Throws herself at her brother and grins when he immediately drops the fancy-looking paper to catch her and spin her around.
“Congratulations, nii-san!”
Inoichi laughs happily, smacks a kiss to her cheek, and launches into a tale of how he’ll be a real ninja now, and he’ll be able to protect her and carry on the Yamanaka name with pride.
Tamaki listens, and she feels her smile become less and less genuine the longer her brother talks, though she keeps it carefully stuck to her face.

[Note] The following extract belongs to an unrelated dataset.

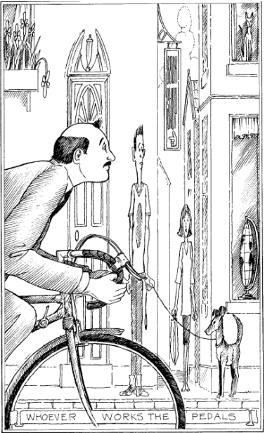 图1. 在骑自行车的Mr. Tompkins的眼中,世界是在自行车运行的方向上是压缩的

The chances of this world being a hallucination are…slim.
She’s died, been reborn, and ended up in the Naruto world as a sensor some twenty-odd years before the protagonist was even born.
And her brother will be the Head of the Clan of mind-readers.
…Fuck.
“’Maki-chan! Try the cake kaa-san made!” Inoichi calls to her some time later, and when she looks at him, he’s holding out a finger with some buttercream icing, and, well.
Tamaki dutifully pads over, stops right in front of her brother, licks the sweet cream right off his finger, and delights in his laughter and mock-disgusted crows.
From what she remembers of a story from long-ago, there will be war, and death, and suffering.
But here, in this moment, her brother is a child excited about playing an adult, her parents are alive, and the Third Shinobi War has yet to start.
Yamanaka Tamaki is three years old when she resigns herself to the life of a killer if it means she’ll be able to protect her brother’s smile.